Warnings of another Christian exodus from Iraq

A priest standing outside a church in northern Iraq. (Photo: Open Doors)

Christians are leaving Iraq in their droves because they cannot see any future in the country after years of political instability and persecution. 

Cardinal Louis Sako said in a statement on the website of the Chaldean Church in Iraq that a fresh exodus of Christians from the country is being driven by a "state of instability" and "lack of equity". 

The patriarch of Iraq's largest denomination said that the Christian minority has been suffering "painfully" from kidnapping and killing for ransom since 2003. 

Christians were also targeted in horrific attacks and displaced from their homes in Mosul and the Nineveh Plain by the Islamic State (ISIS), but even though Iraq formally declared ISIS defeated in 2017, the cardinal said that forced conversions by ISIS are still happening, as is the "Islamisation of minors".

The cardinal also reported "attacks" on Christian jobs and the "seizure of their properties". 

There were an estimated 800,000 Christians in Iraq before 2003 but today the figure is believed to stand at around only 153,000. 

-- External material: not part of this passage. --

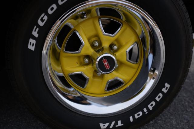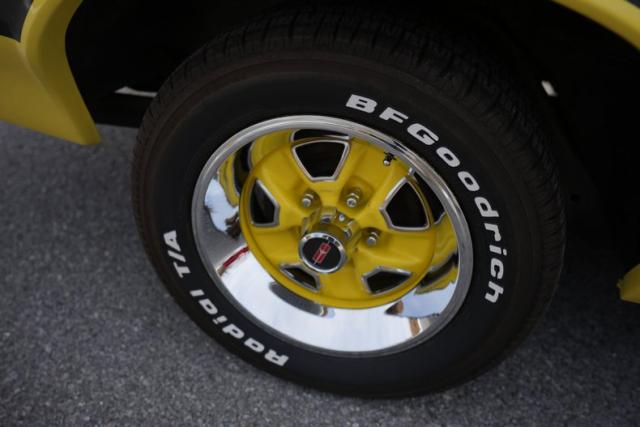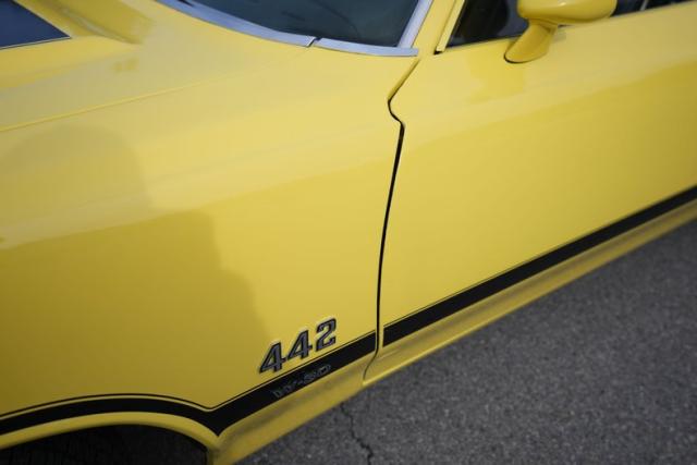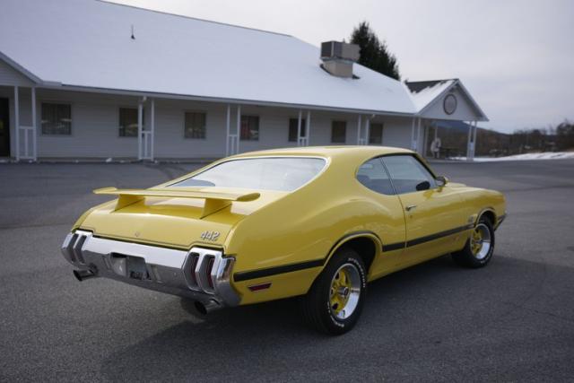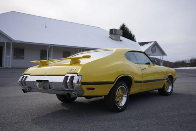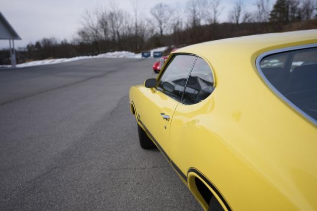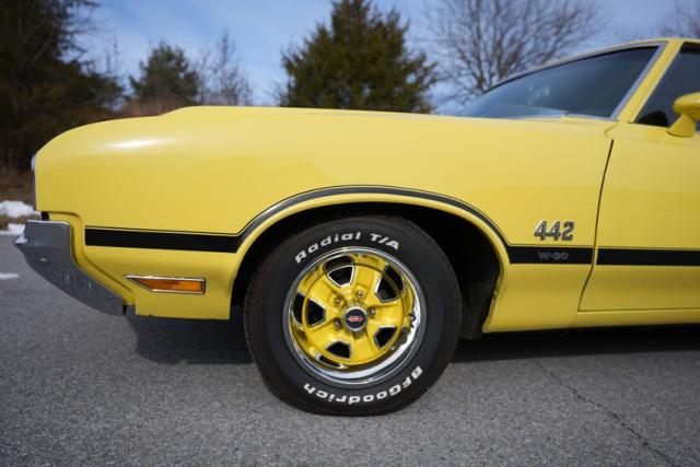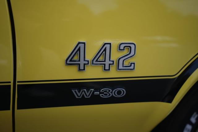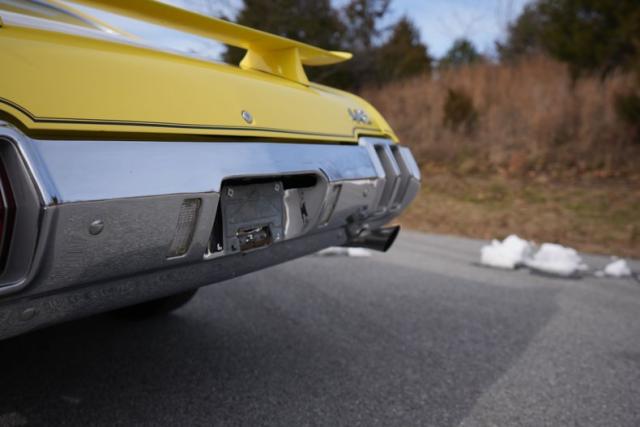 The body is finished in bright yellow with excellent shine and clean panel lines. The air-induction hood and pin locks add period-correct muscle flair, while the rear spoiler and trumpet-style dual exhaust complete the 442-tribute aesthetic. The yellow-coded steel wheels with trim rings and caps tie the look together, delivering a standout stance on the road or at shows.

Cardinal Sako said that a hundred Christian families had recently left Qaraqosh, in the Nineveh Plain, and that a similar exodus was occurring in other cities like Ankawa, in the Kurdistan region. 

The cardinal said people were leaving because of anxiety about the future and the government's failure to pay salaries for months. He sees no action on the part of the government to support Christians. 

"The government is not serious about doing justice to Christians. They keep saying pretty words without action. More than a million Christians have emigrated, most of them were with qualified scientific, economic and skilled background," he said. 

Open Doors' Matthew Barns (name changed for security reasons), who works with the charity's partners in Iraq, said that many Christian families "no longer see a future in their own country". 

"After so many years of wars, persecution by extremists, and for some families being displaced multiple times, they just want to leave and build their future elsewhere," he said. 

"The disaster with the fire in a wedding hall in September 2023 in the Christian town of Qaraqosh that killed over 130 Christians, that was an accident probably partly caused by lack of monitoring of security guidelines by the government. For many people in Qaraqosh the lack of government control is another confirmation that no one cares about the Christians.

"In the Nineveh Plain, the Shia Muslims are specifically feared by the Christian communities. They get the feeling that the Shia are gradually taking over properties once owned by Christians, causing an ethnic change. But all the bad things that happen to the Christian communities add to the feeling that there is no future for them in Iraq."